The grades of evidence (I-III) and levels of recommendation (A-C) are defined at the end of the "Major Recommendations" field.
The following recommendations and conclusions are based on good and consistent scientific evidence (Level A):
- The only symptom specific to prolapse is the awareness of a vaginal bulge or protrusion. For all other pelvic symptoms, resolution with prolapse treatment cannot be assumed.
- Pessaries can be fitted in most women with prolapse, regardless of prolapse stage or site of predominant prolapse.
- Cadaveric fascia should not be used as graft material for abdominal sacral colpopexy because of a substantially higher risk of recurrent prolapse than with synthetic mesh.
- Stress-continent women with positive stress test results (prolapse reduced) are at higher risk for developing postoperative stress incontinence after prolapse repair alone compared with women with negative stress test results (prolapse reduced).
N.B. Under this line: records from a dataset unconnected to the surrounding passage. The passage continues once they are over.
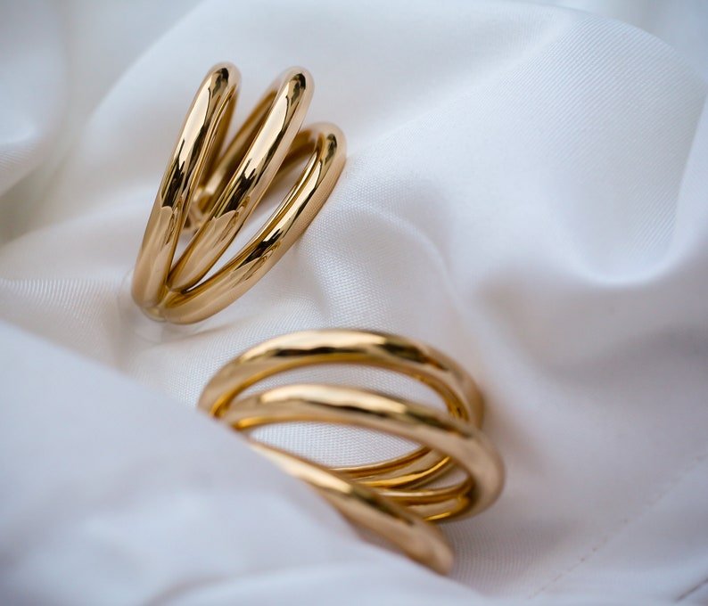 Classic High End Triple Hoop Earring, 18K Real Gold Plated
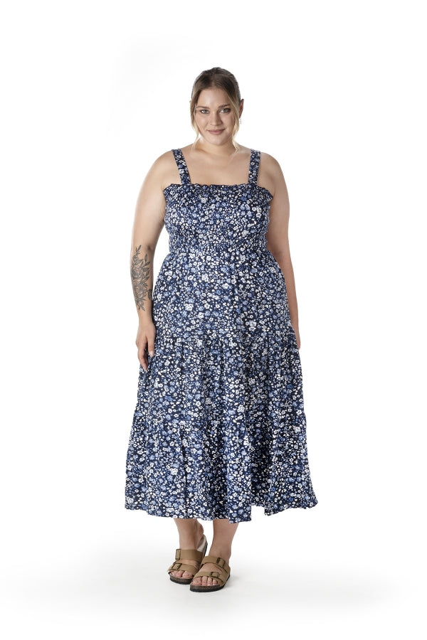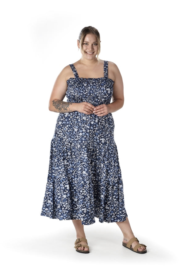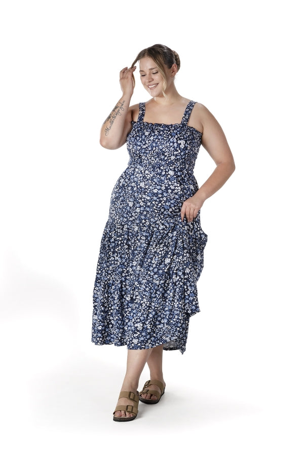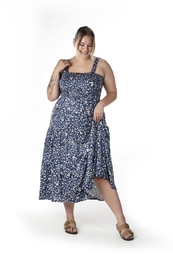 Büyük Beden Çiçek Desenli Kalın Askılı Beli Lastikli Elbise T-84
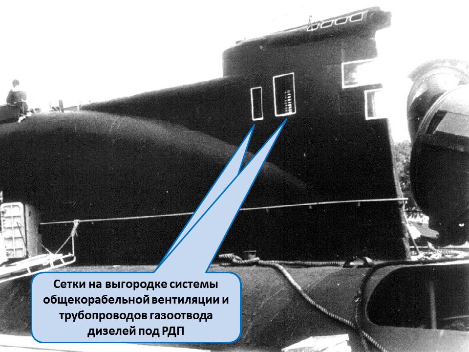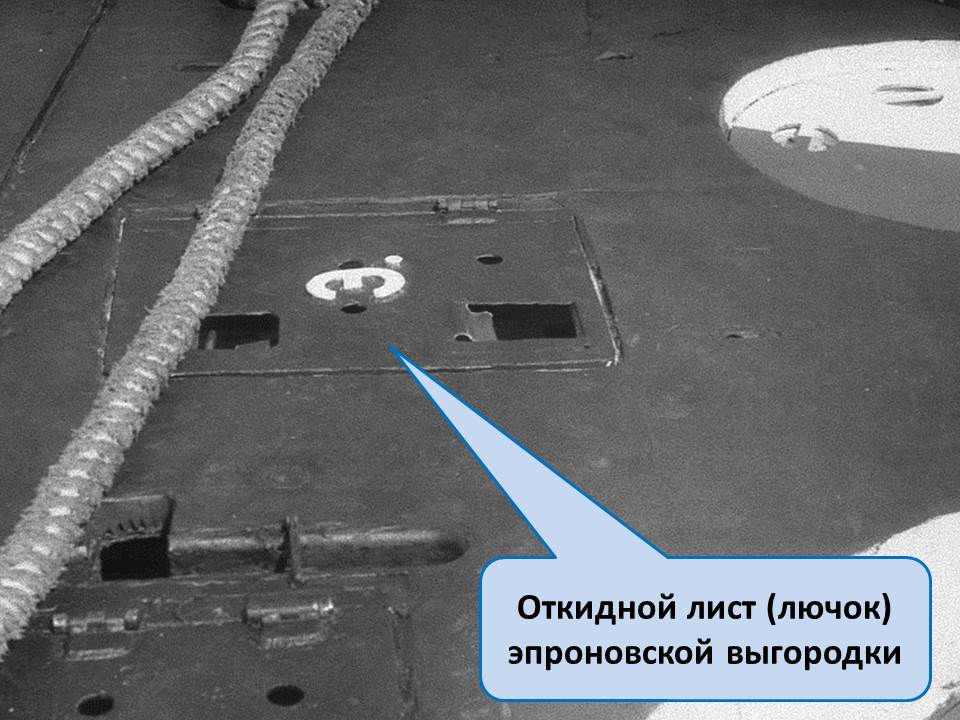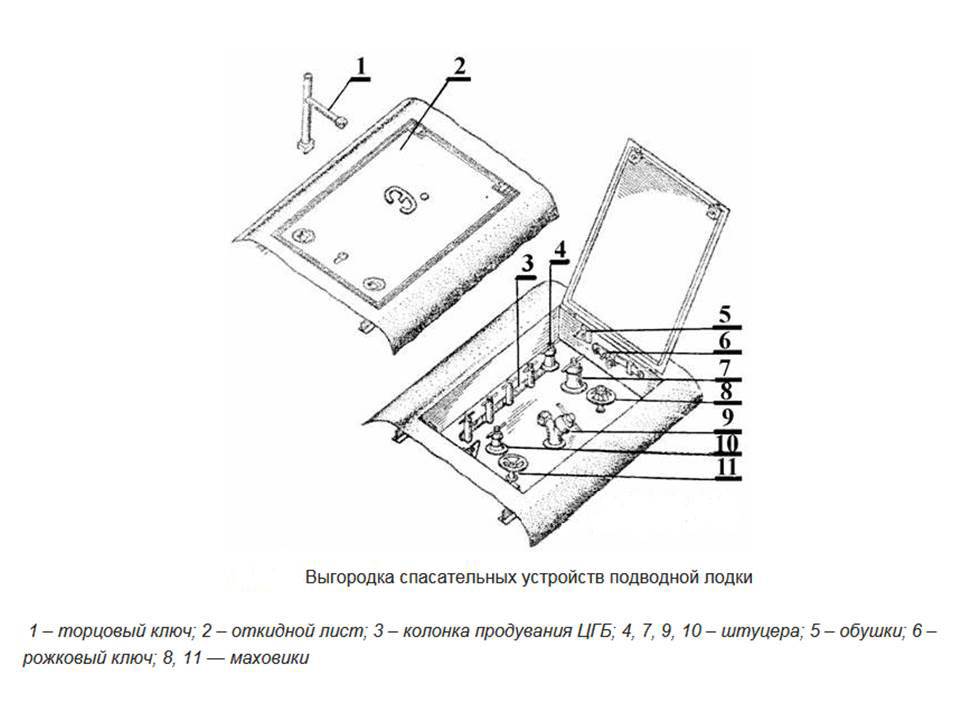 Один из вариантов эпроновской выгородки на подводной лодке показан на схеме. Вентиляция отсеков-убежищ (отсеки снабженные устройствами для выхода личного состава на поверхность) и подача воздуха для продувания ЦГБ производится через специальные выгородки, расположенные над этими отсеками. Выгородки аварийно-спасательных устройств размещены на палубе надстройки. Для облегчения их поиска на откидных листах (лючках) выгородок наварен традиционный отличительный знак “Э” (ЭПРОН).
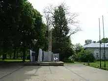 In 1949, the Czechoslovak government erected a memorial and cemetery southeast of the Dukla border crossing, in Vyšný Komárnik, the first liberated village on the territory of (then) Czechoslovakia. It contains the graves of several hundred Soviet and Czechoslovak soldiers. Several other memorials and cemeteries have also been erected in the region.[7]
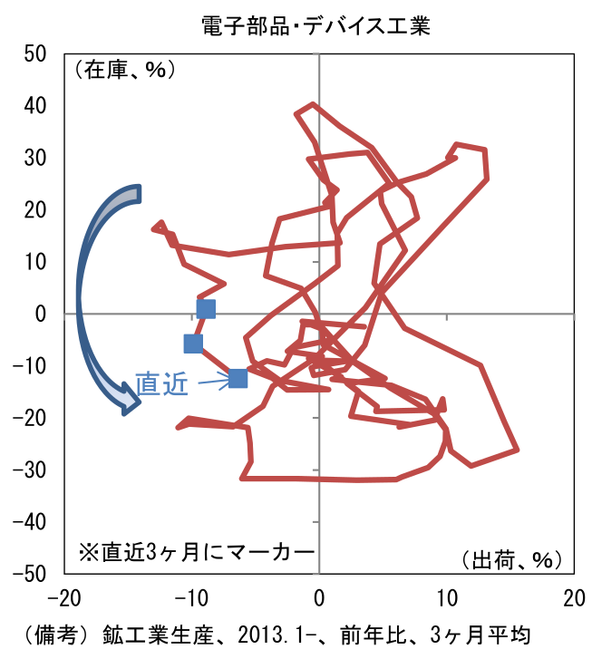 - 電子部品・デバイス工業は10月に出荷のマイナス幅が▲3.4%(9月は▲8.5%)へと縮小し、在庫も▲15.6%(9月は▲20.1%)と減少が続いたことから、出荷・在庫バランス(両者の前年比差分から算出)は+12.3%と2ヶ月連続でプラス圏推移し、3ヶ月平均でも+6.1%とプラス圏に浮上した。3ヶ月平均値がプラス圏に浮上したのは25ヶ月ぶりであり潮目の変化を象徴する。在庫循環図の位置取りは、左下領域(在庫減・出荷減)を右下方向(在庫減・出荷増)に進路をとっており、今後、右下領域に移行するその過程において景況感好転が期待される。
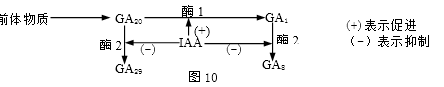 28.图10为生长素(IAA)对豌豆幼苗茎内赤霉素生物合成影响的示意图。图中 GA1、GA8、GA20、GA29 是四种不同的赤霉素,只有 GA1 能促进豌豆茎的伸长。若图中酶 1 或酶 2 的基因发生突变,会导致相应的生化反应受阻。
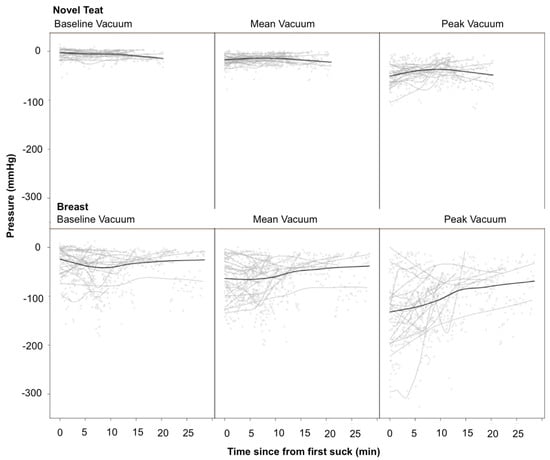 Sucking vacuums over the course of both the breastfeed and novel teat feed. Black lines are local regression smoothers for the full data set; grey lines are local regression smoothers indicating individual infant patterns.
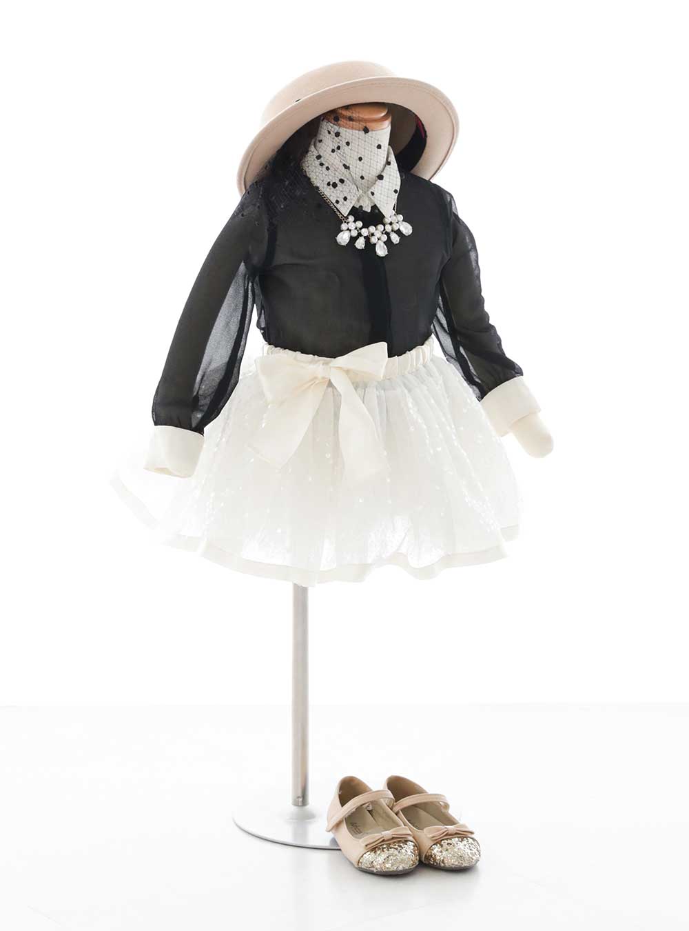 黒のシャツに白のスカートを合わせたモノトーンの洋服タイプの衣装です。シャツは白の襟が付いており、袖は透け感のある長袖になっているのでとても大人っぽい印象です。 スカ―トはラメがちりばめられた白のチュチュスカートでボリュームがあり華やかです。シルバーやパールなどのアクセサリーと相性抜群です。
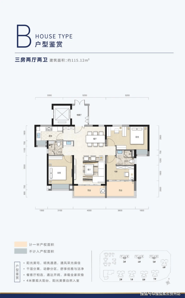B户型,建面约115㎡三房两厅两卫
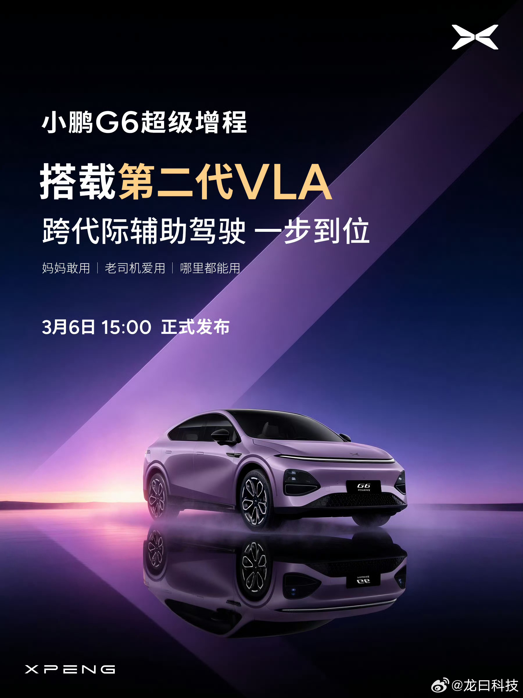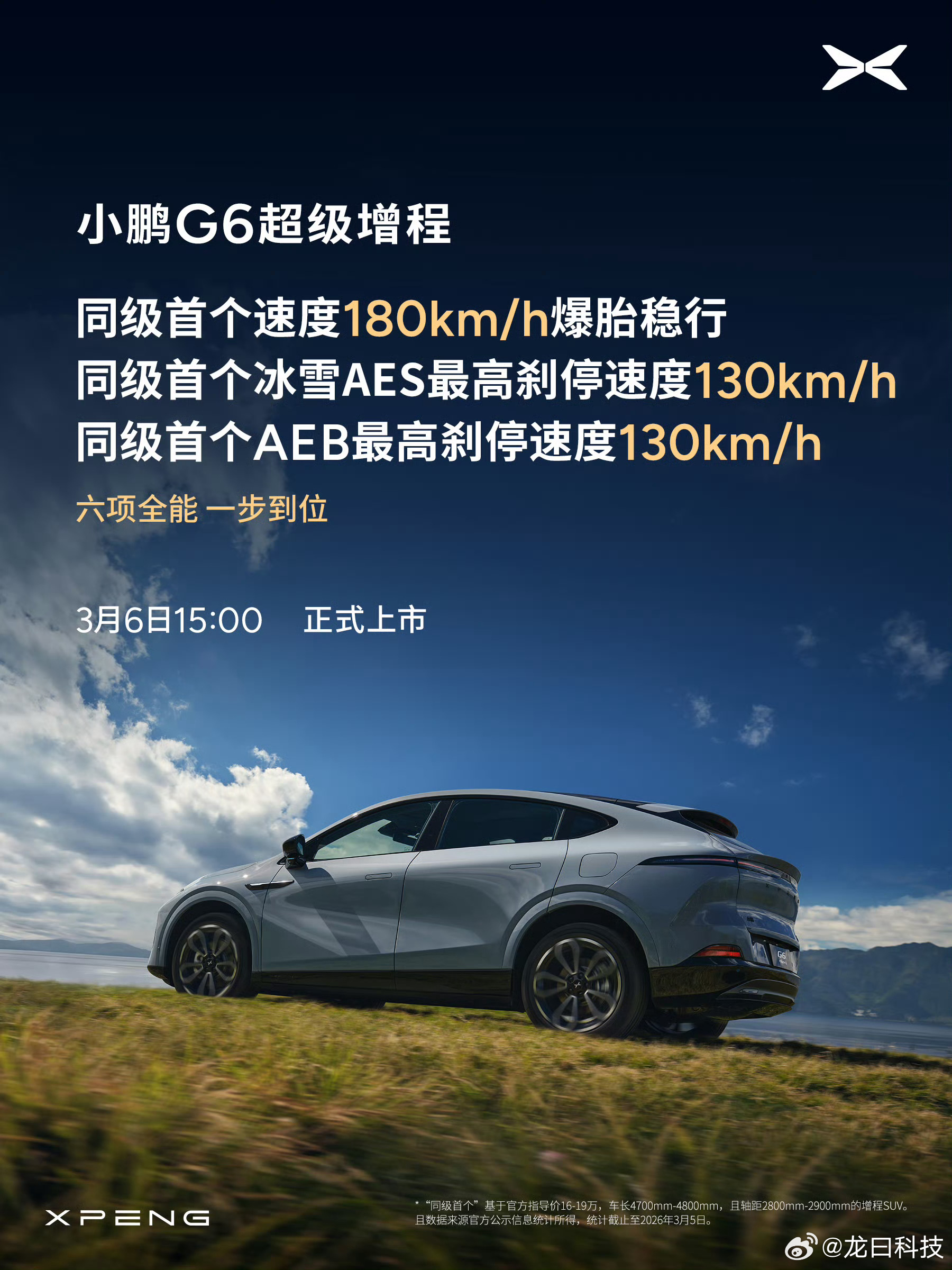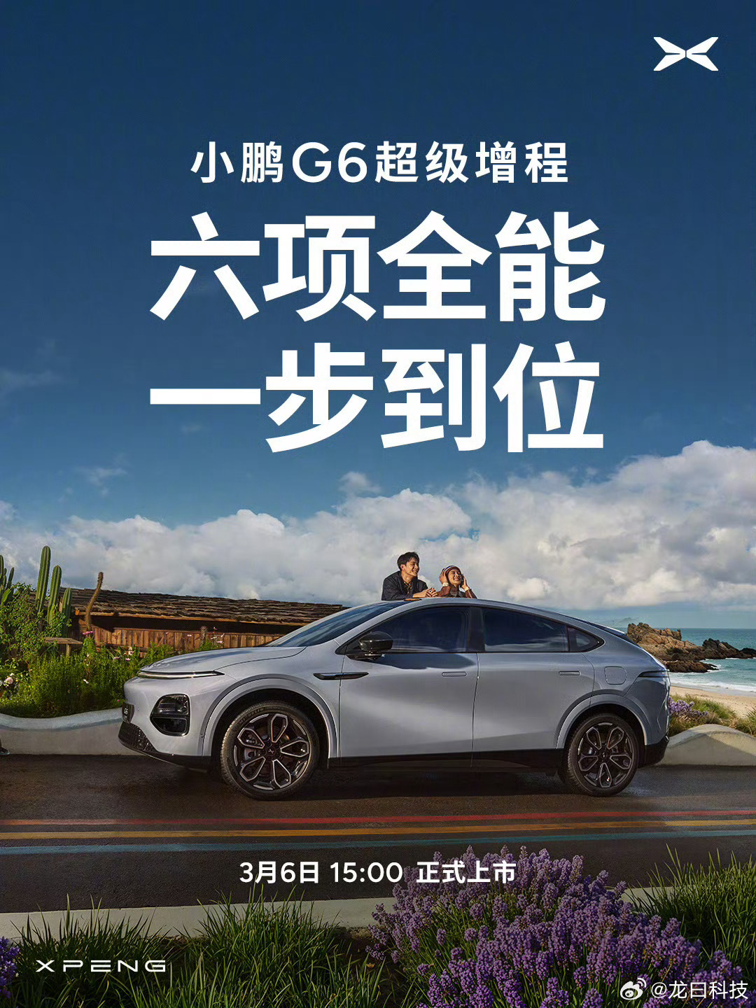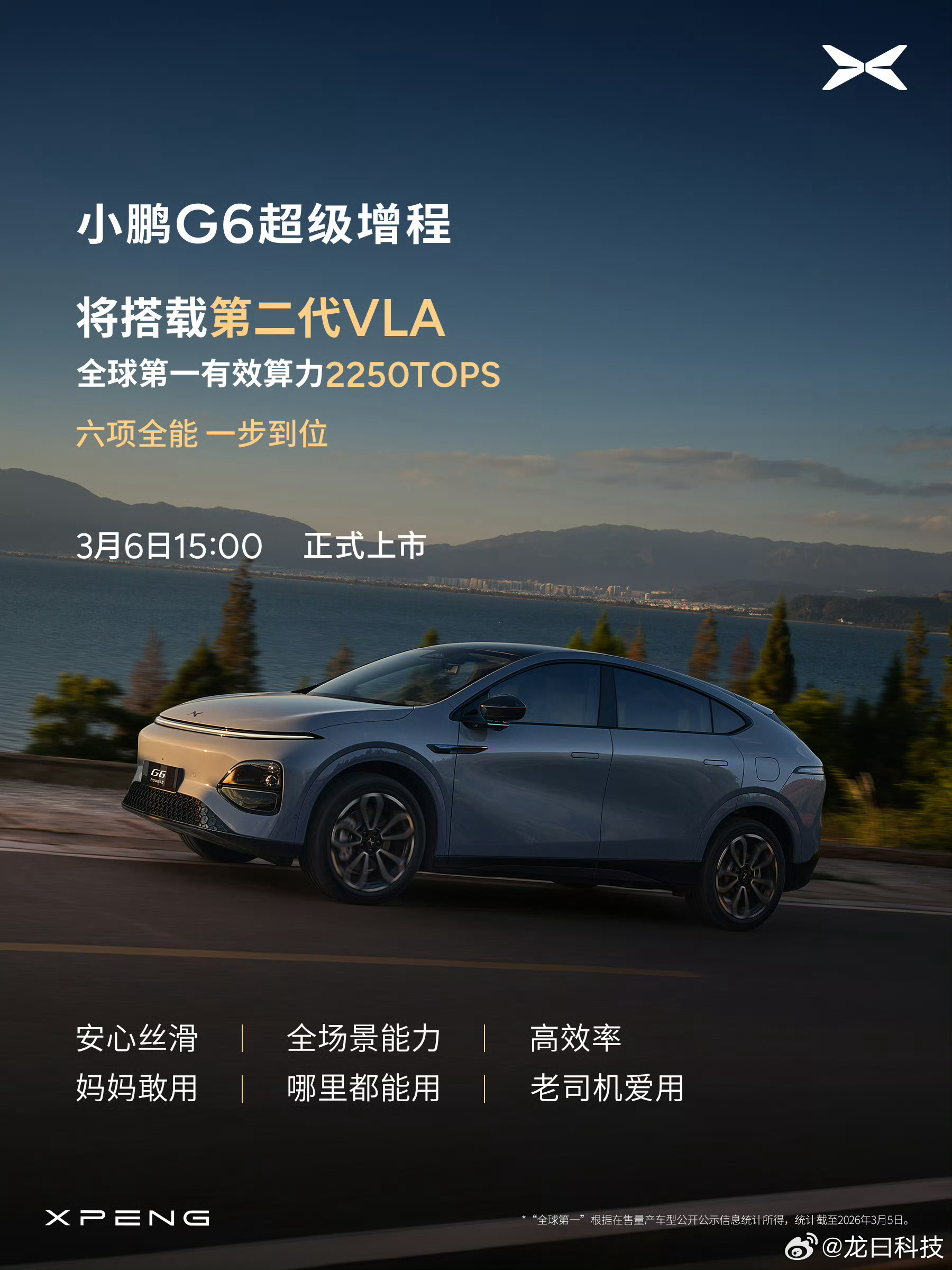 小鹏G6超级增程六项全能一步到位小鹏G6超级增程今天下午正式上市了,官方给的定义是“六项全能”。续航上,CLTC综合1704公里,纯电430公里。智驾直接给了2250TOPS算力,搭第二代VLA大模型。充电用800V+5C平台,12分钟补314公里。空间得房率85.6%,头部超1米。安全上支持180km/h爆胎稳行、130km/h AEB刹停。底盘标配太极AI加DCC。官方说是“六项全能”,算是把短板全补上了。

- For stress-continent women planning abdominal sacral colpopexy, regardless of the results of preoperative stress testing, the addition of the Burch procedure substantially reduces the likelihood of postoperative stress incontinence without increasing urgency symptoms or obstructed voiding.
- For women with positive prolapse reduction stress test results who are planning vaginal prolapse repair, tension-free vaginal tape (TVT) midurethral sling (rather than suburethral fascial plication) appears to offer better prevention from postoperative stress incontinence.
The following recommendations and conclusions are based on limited or inconsistent scientific evidence (Level B):
- Clinicians should discuss the option of pessary use with all women who have prolapse that warrants treatment based on symptoms. In particular, pessary use should be considered before surgical intervention in women with symptomatic prolapse.
- Alternative operations for uterine preservation in women with prolapse include uterosacral or sacrospinous ligament fixation by the vaginal approach, or sacral hysteropexy by the abdominal approach.
- Hysteropexy should not be performed by using the ventral abdominal wall for support because of the high risk for recurrent prolapse, particularly enterocele.
- Round ligament suspension is not effective in treating uterine or vaginal prolapse.
- Compared with vaginal sacrospinous ligament fixation, abdominal sacral colpopexy has less apical failure and less postoperative dyspareunia and stress incontinence, but is also associated with more complications.
- Transvaginal posterior colporrhaphy is recommended over transanal repair for posterior vaginal prolapse.
The following recommendations are based primarily on consensus and expert opinion (Level C):
- Clinicians should discuss with women the potential risks and benefits in performing a prophylactic anti-incontinence procedure at the time of prolapse repair.
- Women with prolapse who are asymptomatic or mildly symptomatic can be observed at regular intervals, unless new bothersome symptoms develop.
- For women who are at high risk for complications with reconstructive procedures and who no longer desire vaginal intercourse, colpocleisis can be offered.
- Cystoscopy should be performed intraoperatively to assess for bladder or ureteral damage after all prolapse or incontinence procedures during which the bladder or ureters may be at risk of injury.
Definitions:
Grades of Evidence
I Evidence obtained from at least one properly designed randomized controlled trial.
II-1 Evidence obtained from well-designed controlled trials without randomization.
II-2 Evidence obtained from well-designed cohort or case–control analytic studies, preferably from more than one center or research group.
II-3 Evidence obtained from multiple time series with or without the intervention. Dramatic results in uncontrolled experiments also could be regarded as this type of evidence.
III Opinions of respected authorities, based on clinical experience, descriptive studies, or reports of expert committees.
Levels of Recommendation
Level A — Recommendations are based on good and consistent scientific evidence.
Level B — Recommendations are based on limited or inconsistent scientific evidence.
Level C — Recommendations are based primarily on consensus and expert opinion.